Aim of the task —
Exactly the lines from the one containing "Colégio de Poiares" through the one containing "Imagem 44 –" in the listing below are to be copied, with the pictures left out.

Available data below:

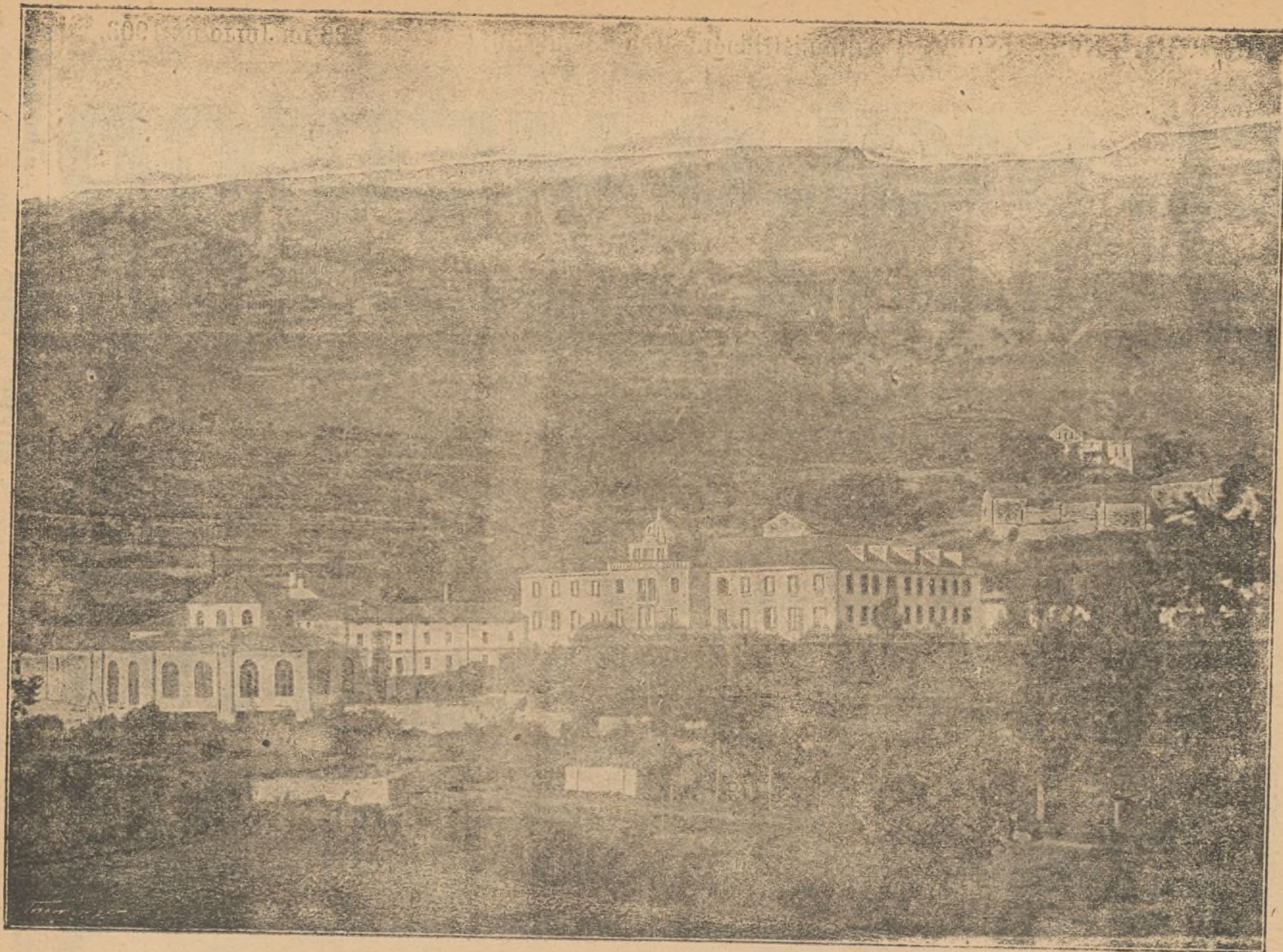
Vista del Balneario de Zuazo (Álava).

End of Available data.
Available data below:

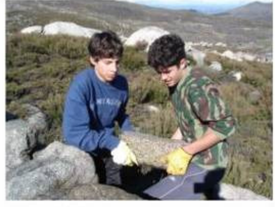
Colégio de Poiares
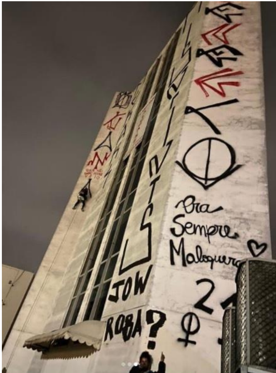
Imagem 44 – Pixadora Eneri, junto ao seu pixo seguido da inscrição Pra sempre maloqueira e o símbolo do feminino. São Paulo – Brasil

End of Available data.
Available data below:

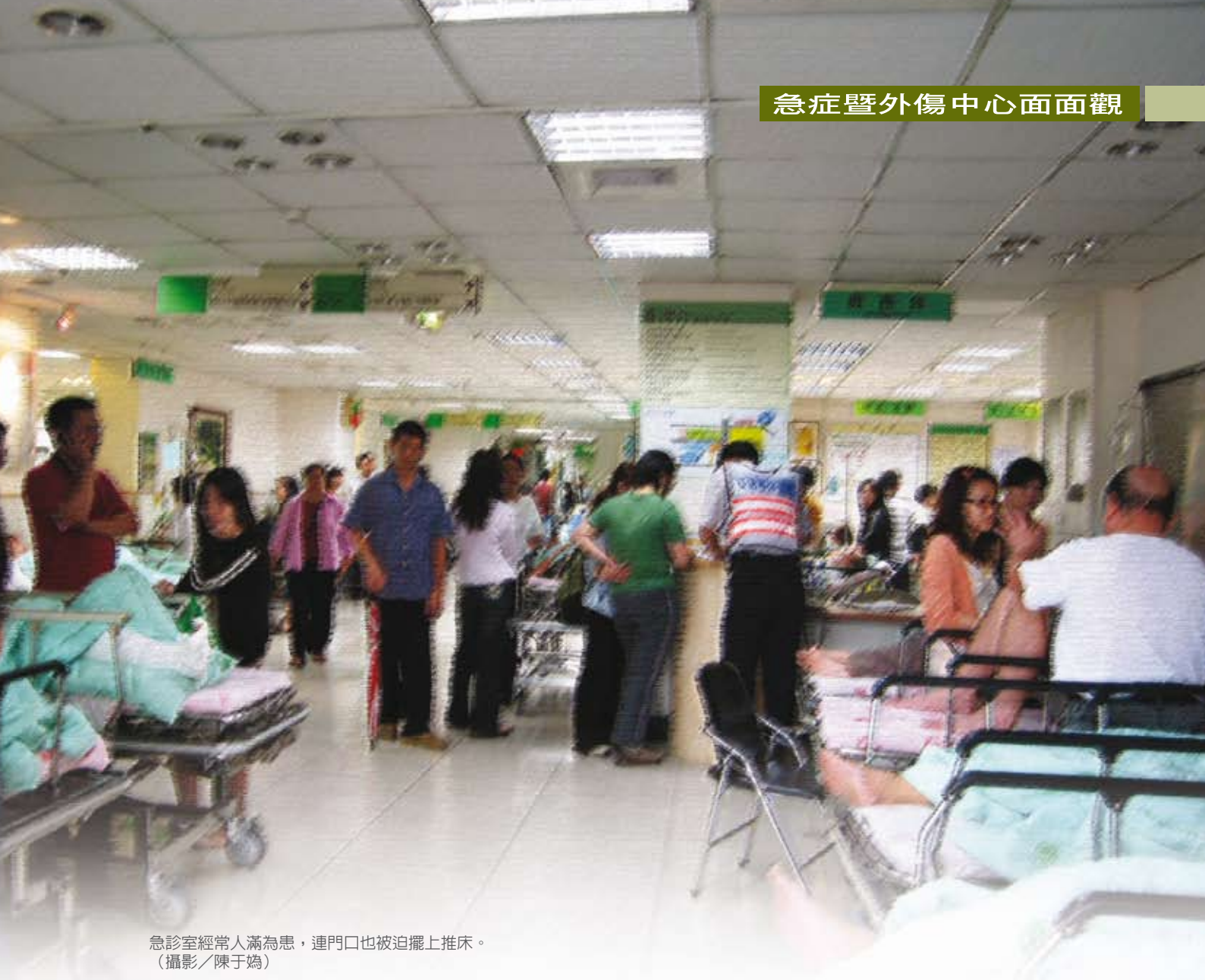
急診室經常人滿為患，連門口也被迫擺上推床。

End of Available data.

Task answer —
Colégio de Poiares
Imagem 44 – Pixadora Eneri, junto ao seu pixo seguido da inscrição Pra sempre maloqueira e o símbolo do feminino. São Paulo – Brasil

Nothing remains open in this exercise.